* _WHAT TO PRODUCE_: Without the images, print every line of the material below exactly as given.

* _DATA SHOWN_:
=== Section Start ===

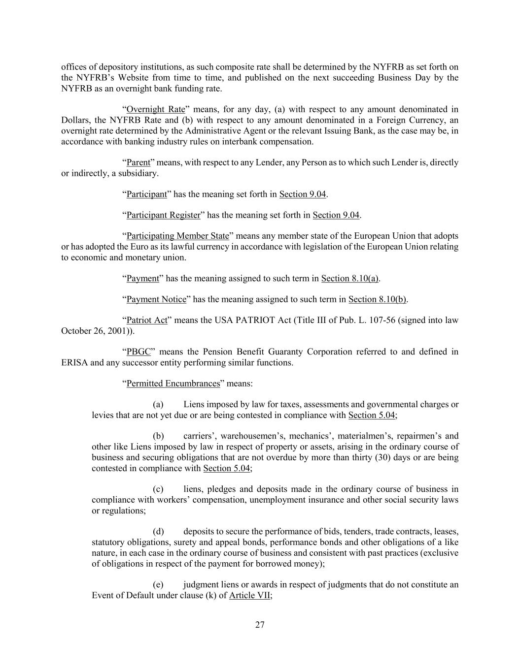 27 offices of depository institutions, as such composite rate shall be determined by the NYFRB as set forth on the NYFRB’s Website from time to time, and published on the next succeeding Business Day by the NYFRB as an overnight bank funding rate. “Overnight Rate” means, for any day, (a) with respect to any amount denominated in Dollars, the NYFRB Rate and (b) with respect to any amount denominated in a Foreign Currency, an overnight rate determined by the Administrative Agent or the relevant Issuing Bank, as the case may be, in accordance with banking industry rules on interbank compensation. “Parent” means, with respect to any Lender, any Person as to which such Lender is, directly or indirectly, a subsidiary. “Participant” has the meaning set forth in Section 9.04. “Participant Register” has the meaning set forth in Section 9.04. “Participating Member State” means any member state of the European Union that adopts or has adopted the Euro as its lawful currency in accordance with legislation of the European Union relating to economic and monetary union. “Payment” has the meaning assigned to such term in Section 8.10(a). “Payment Notice” has the meaning assigned to such term in Section 8.10(b). “Patriot Act” means the USA PATRIOT Act (Title III of Pub. L. 107-56 (signed into law October 26, 2001)). “PBGC” means the Pension Benefit Guaranty Corporation referred to and defined in ERISA and any successor entity performing similar functions. “Permitted Encumbrances” means: (a) Liens imposed by law for taxes, assessments and governmental charges or levies that are not yet due or are being contested in compliance with Section 5.04; (b) carriers’, warehousemen’s, mechanics’, materialmen’s, repairmen’s and other like Liens imposed by law in respect of property or assets, arising in the ordinary course of business and securing obligations that are not overdue by more than thirty (30) days or are being contested in compliance with Section 5.04; (c) liens, pledges and deposits made in the ordinary course of business in compliance with workers’ compensation, unemployment insurance and other social security laws or regulations; (d) deposits to secure the performance of bids, tenders, trade contracts, leases, statutory obligations, surety and appeal bonds, performance bonds and other obligations of a like nature, in each case in the ordinary course of business and consistent with past practices (exclusive of obligations in respect of the payment for borrowed money); (e) judgment liens or awards in respect of judgments that do not constitute an Event of Default under clause (k) of Article VII;
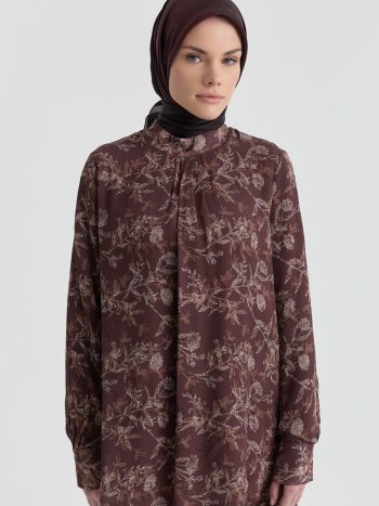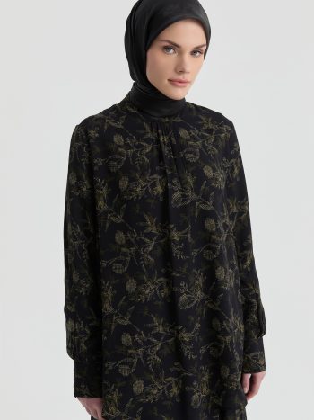 This tunic features an elegant and functional drawstring detail at the neckline, adding movement to the design while its flowing
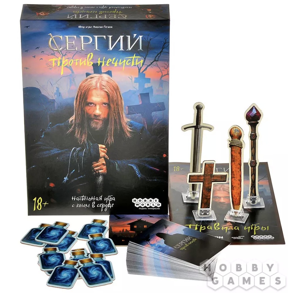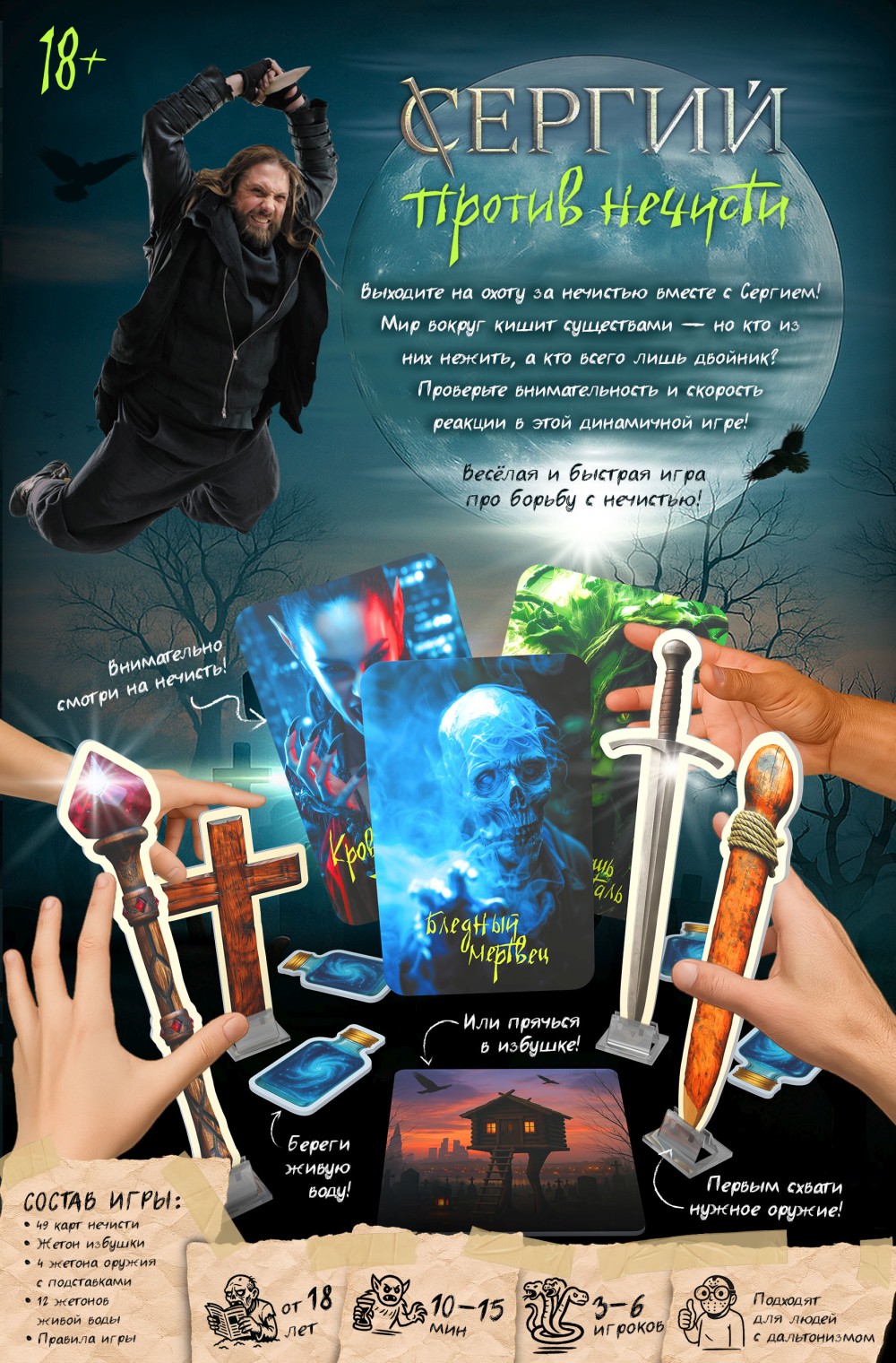 Настолка «Сергий против нечисти» обещает перенести участников в мрачный и опасный мир, где потребуется обнаруживать монстров и побеждать их правильным оружием: против вампиров пригодится кол, против призраков - крест, кикимор и лесавок усмирят меч и посох. А в случае наступления темного шабаша героям придется прятаться в избушке. То есть игроки окажутся внутри тех же легенд и фольклорных столкновений, которые когда-то впервые появились на экране.

=== Section End ===

* _RESPONSE TO THE EXERCISE_:
 27 offices of depository institutions, as such composite rate shall be determined by the NYFRB as set forth on the NYFRB’s Website from time to time, and published on the next succeeding Business Day by the NYFRB as an overnight bank funding rate. “Overnight Rate” means, for any day, (a) with respect to any amount denominated in Dollars, the NYFRB Rate and (b) with respect to any amount denominated in a Foreign Currency, an overnight rate determined by the Administrative Agent or the relevant Issuing Bank, as the case may be, in accordance with banking industry rules on interbank compensation. “Parent” means, with respect to any Lender, any Person as to which such Lender is, directly or indirectly, a subsidiary. “Participant” has the meaning set forth in Section 9.04. “Participant Register” has the meaning set forth in Section 9.04. “Participating Member State” means any member state of the European Union that adopts or has adopted the Euro as its lawful currency in accordance with legislation of the European Union relating to economic and monetary union. “Payment” has the meaning assigned to such term in Section 8.10(a). “Payment Notice” has the meaning assigned to such term in Section 8.10(b). “Patriot Act” means the USA PATRIOT Act (Title III of Pub. L. 107-56 (signed into law October 26, 2001)). “PBGC” means the Pension Benefit Guaranty Corporation referred to and defined in ERISA and any successor entity performing similar functions. “Permitted Encumbrances” means: (a) Liens imposed by law for taxes, assessments and governmental charges or levies that are not yet due or are being contested in compliance with Section 5.04; (b) carriers’, warehousemen’s, mechanics’, materialmen’s, repairmen’s and other like Liens imposed by law in respect of property or assets, arising in the ordinary course of business and securing obligations that are not overdue by more than thirty (30) days or are being contested in compliance with Section 5.04; (c) liens, pledges and deposits made in the ordinary course of business in compliance with workers’ compensation, unemployment insurance and other social security laws or regulations; (d) deposits to secure the performance of bids, tenders, trade contracts, leases, statutory obligations, surety and appeal bonds, performance bonds and other obligations of a like nature, in each case in the ordinary course of business and consistent with past practices (exclusive of obligations in respect of the payment for borrowed money); (e) judgment liens or awards in respect of judgments that do not constitute an Event of Default under clause (k) of Article VII;
 This tunic features an elegant and functional drawstring detail at the neckline, adding movement to the design while its flowing
 Настолка «Сергий против нечисти» обещает перенести участников в мрачный и опасный мир, где потребуется обнаруживать монстров и побеждать их правильным оружием: против вампиров пригодится кол, против призраков - крест, кикимор и лесавок усмирят меч и посох. А в случае наступления темного шабаша героям придется прятаться в избушке. То есть игроки окажутся внутри тех же легенд и фольклорных столкновений, которые когда-то впервые появились на экране.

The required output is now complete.